Streaming corporations trumpet the so-called creative freedom that their services provide: the freedom for anyone to upload their music and make money from it, and the freedom of choice that the listener continually enjoys. In practice, this leads to what Thomas Hodgson calls creative ambivalence. The vast musical landscape of Spotify paralyses us: the same effect the confectionary aisle has on a 5-year old. Having whatever music we want at our fingertips has made us less adventurous in our music tastes. When was the last time you actively seeked out something new to listen to, rather than just letting Smart Shuffle spew it up? 

It also leads us to devalue music. We have 24-hour access to basically every single song there is to be listened to, and we don’t care. Listening to music has gone from being an active, social activity, to a solitary, vacuous one. In years gone by, you picked something, played it, and whoever was in the vicinity would also hear it. Now, we put our headphones on and hit ‘shuffle.’

This devaluation of music can only be rectified in a conscious effort to purchase what is actually important to us. Reducing the breadth of our thoughtless consumption and investing into the artists and genres that we admire will pay us back tenfold in creative autonomy and support for the humble musician, as we all know that the alleged equitable remuneration of artists on streaming services is incomparable to the purchase of an album, merchandise, or concert tickets. 

Music is deeply personal. It’s bound up so tightly in how we construct our characters and communicate our values that we often find discussions around musical taste an appraisal of ourselves. The ritual of selecting vinyl, carefully dropping the needle and hearing the crackle and hiss that preempts the first note is enough to transform you into a state of relaxation. While there isn’t much on your mind apart from the action of playing a record, it certainly isn’t mindless. It’s a deliberate act of partaking in musical enjoyment – vinyl demands that you focus on the issue at hand, literally. The tangibility of the record is a degree of ownership more prestigious than streaming, and the reward of a sentimental link with the music is incomparable. 
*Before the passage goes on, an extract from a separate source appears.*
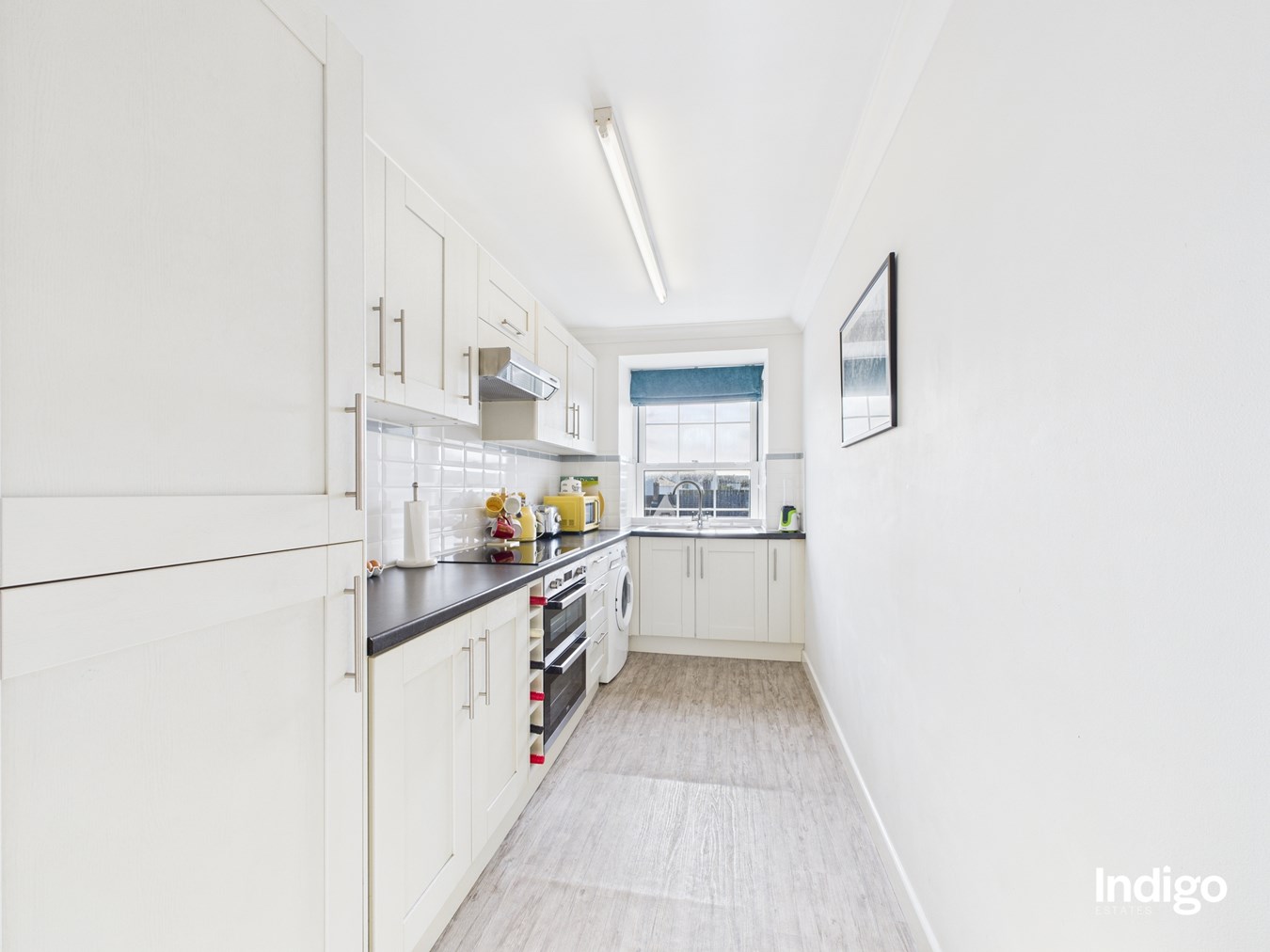 A separate, fully integrated contemporary kitchen provides all the modern conveniences, while two well-proportioned bedrooms are served by an modernised bathroom. The property also benefits from one off-road parking space.
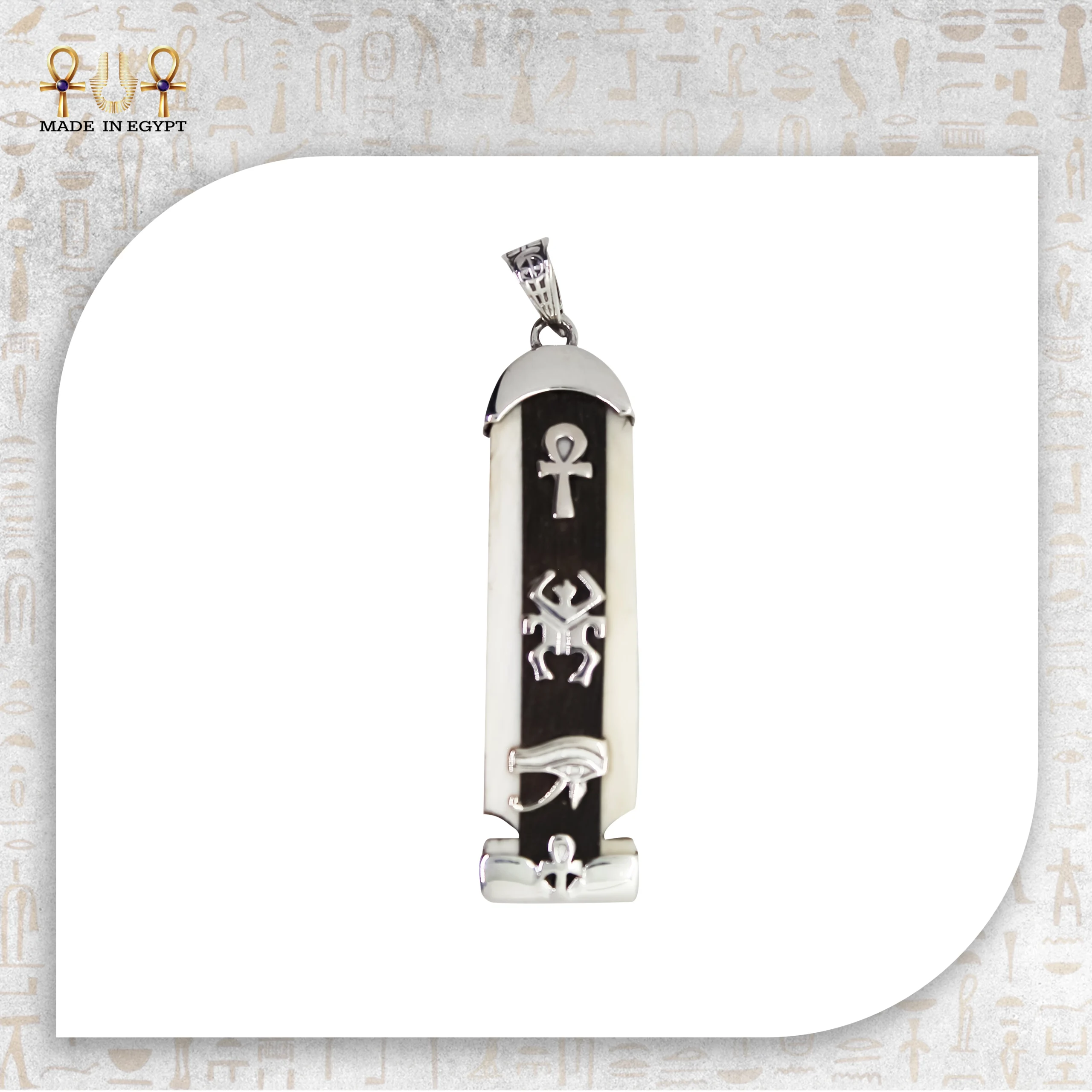 The pendant features a dark center framed by an ivory-toned border. This contrast highlights the engraved symbols and brings visual harmony to the piece. Each detail is crafted from high-quality metal plated in polished silver. The smooth contours and clean lines reflect the precision of skilled Egyptian artisans.

This connection doesn’t have to come from vinyl, or even CDs or cassette tapes. Simply curating your own playlist, from scratch, will immerse you in the act of investing in your music taste and multiplying the joy you get out of listening to it. 

Material culture doesn’t just have emotional, ritual or nostalgic value, though. It holds material value too. Imagine if you woke up tomorrow and stumbled into your daily commute, about to plug into your ready-made playlist on when – it’s not there. It might sound far fetched, but the domination of streaming services means we rely on others to keep our music available. We all know the feeling of finding out your favourite film or series has been taken off of Netflix, so why do we think it can’t happen to our music?

Who’d have thought there’s a correlation between bagging that new album with the cool resin design, and having a reinforced underground shelter filled with freeze-dried meal kits.  

Removal of content from streaming services happens relatively rarely in the music industry, I’ll admit, but the threat of Spotify closing its doors is enough to make me, and probably other audiophiles, a bit tetchy. Regardless, physical media is the antidote to our fast-paced, convenience-driven, humanity-sapped world. It instills a greater sense of who we are and why we value art, signalling our contribution to the artists we love and facilitating that parasocial relationship to them. 

I love my vinyl collection, my book collection, my CD collection and my DVD collection. It’s a glimpse into my personality as it is now, and as it was when I purchased it, and I’d be lying if I said I didn’t think I have a greater appreciation for art and artists because of it. And I know that if tomorrow the Internet implodes, taking Spotify, Amazon and Netflix with it, that I’ll still have my humanity intact. Will you?